Task requirements
Pictures in the material below are to be left out, and only the lines from the line with "- Vejo a Tua" up to and including the line with "Rolex劳力士蚝式恒动型号115234 日志女士自动机械腕表 表径34mm粉盘间数字钻刻板链" are to be written out exactly.

Data records
□ □ □

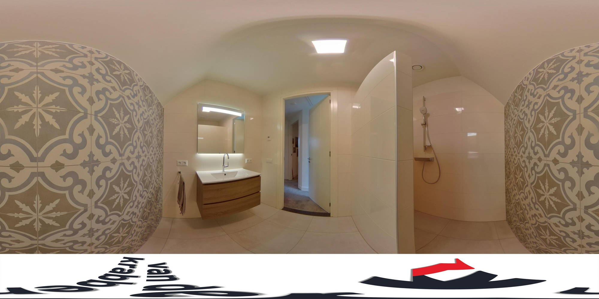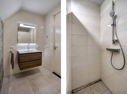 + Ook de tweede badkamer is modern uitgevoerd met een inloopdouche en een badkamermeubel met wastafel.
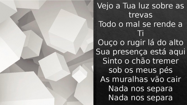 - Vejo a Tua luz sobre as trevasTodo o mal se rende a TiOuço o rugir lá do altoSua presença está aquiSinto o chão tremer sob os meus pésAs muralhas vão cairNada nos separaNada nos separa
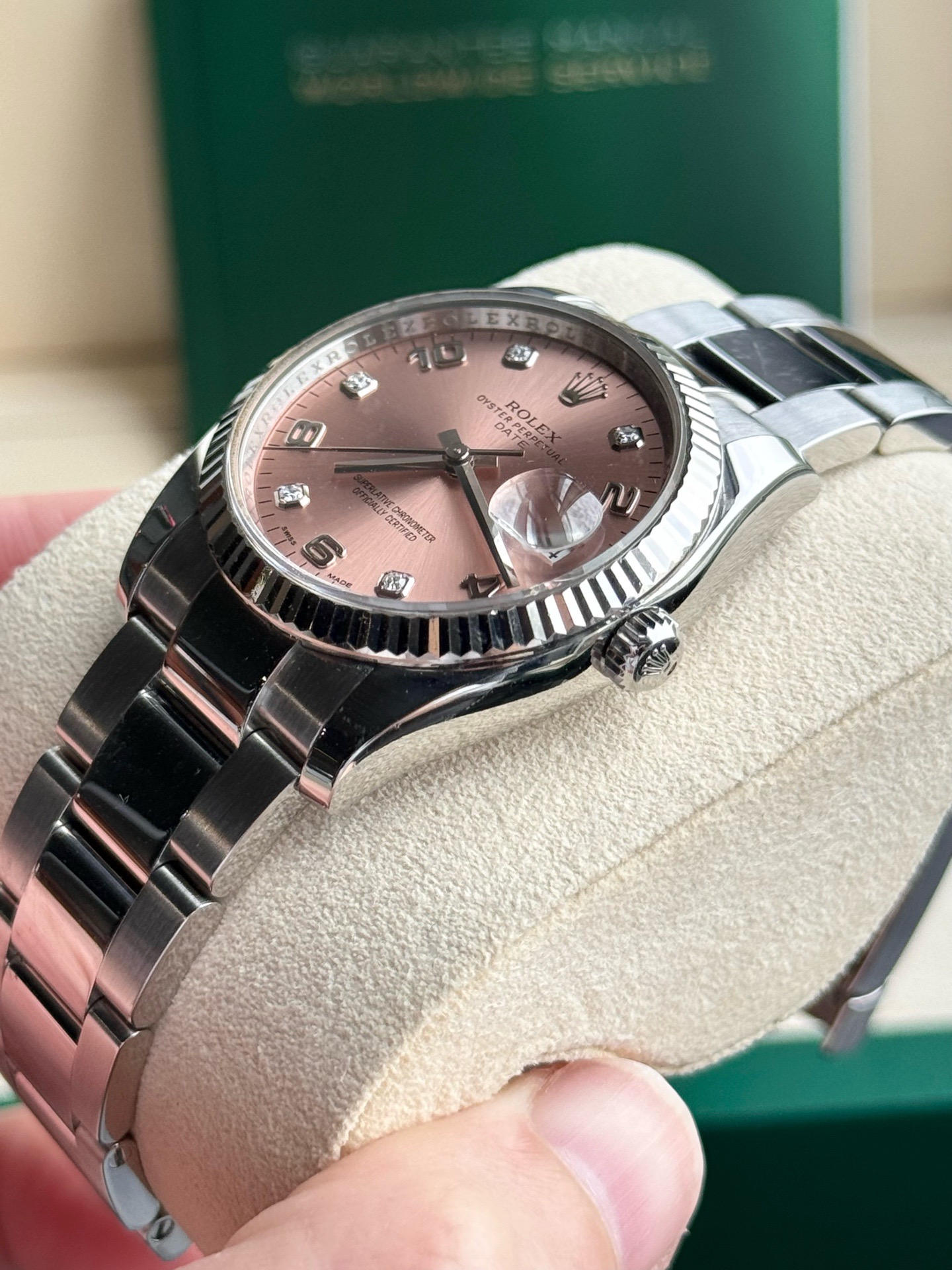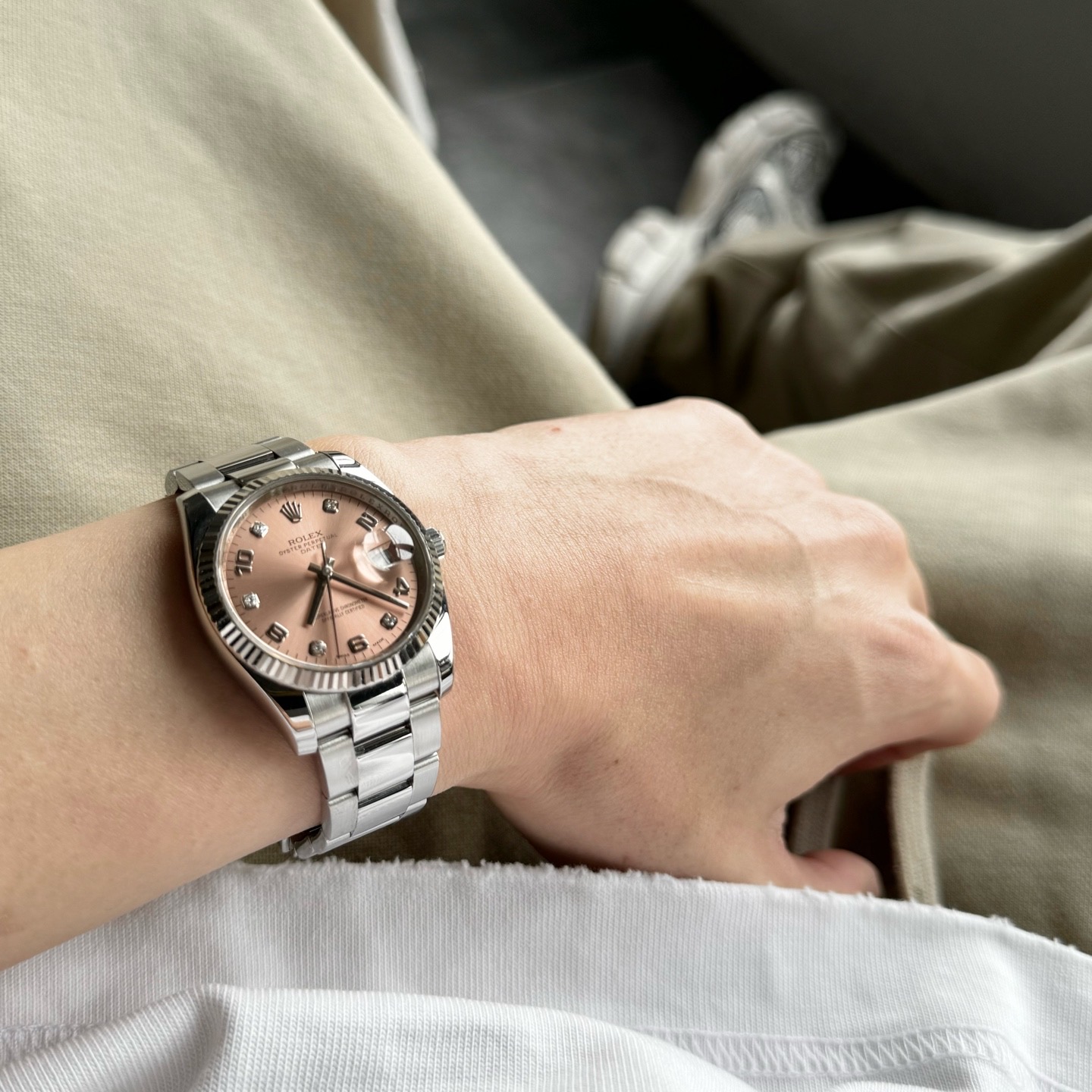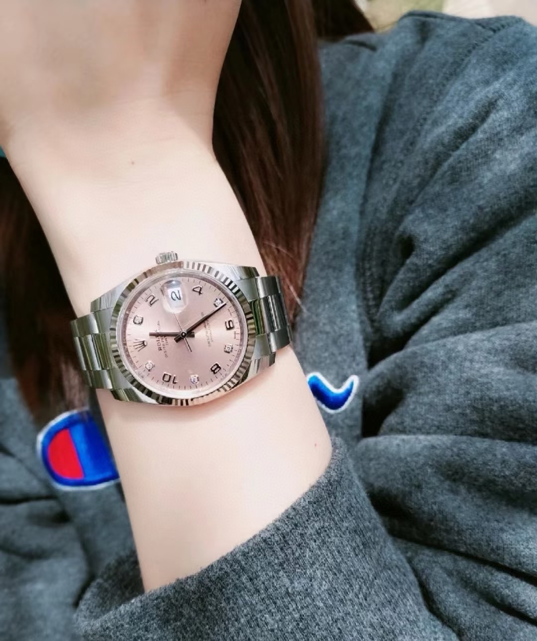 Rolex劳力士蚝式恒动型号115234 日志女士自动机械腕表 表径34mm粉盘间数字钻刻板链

□ □ □

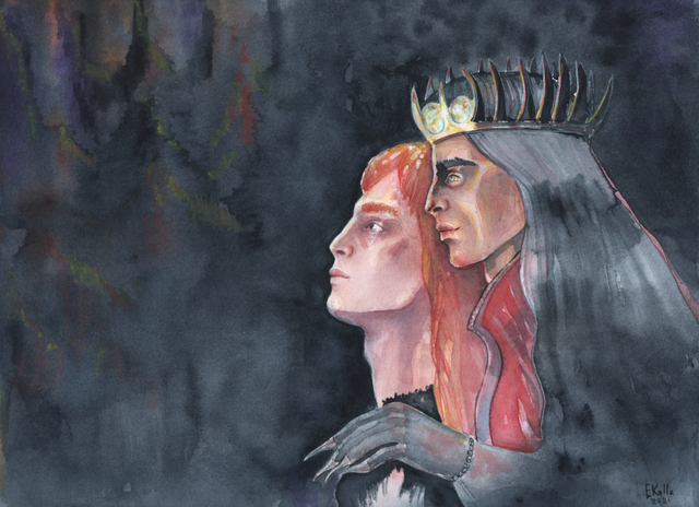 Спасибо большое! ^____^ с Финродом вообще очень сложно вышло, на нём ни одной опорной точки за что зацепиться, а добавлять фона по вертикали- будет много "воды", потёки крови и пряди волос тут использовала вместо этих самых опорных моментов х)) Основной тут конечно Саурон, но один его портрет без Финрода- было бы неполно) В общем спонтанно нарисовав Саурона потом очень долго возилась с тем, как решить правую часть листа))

□ □ □

Solution to the exercise
 - Vejo a Tua luz sobre as trevasTodo o mal se rende a TiOuço o rugir lá do altoSua presença está aquiSinto o chão tremer sob os meus pésAs muralhas vão cairNada nos separaNada nos separa
 Rolex劳力士蚝式恒动型号115234 日志女士自动机械腕表 表径34mm粉盘间数字钻刻板链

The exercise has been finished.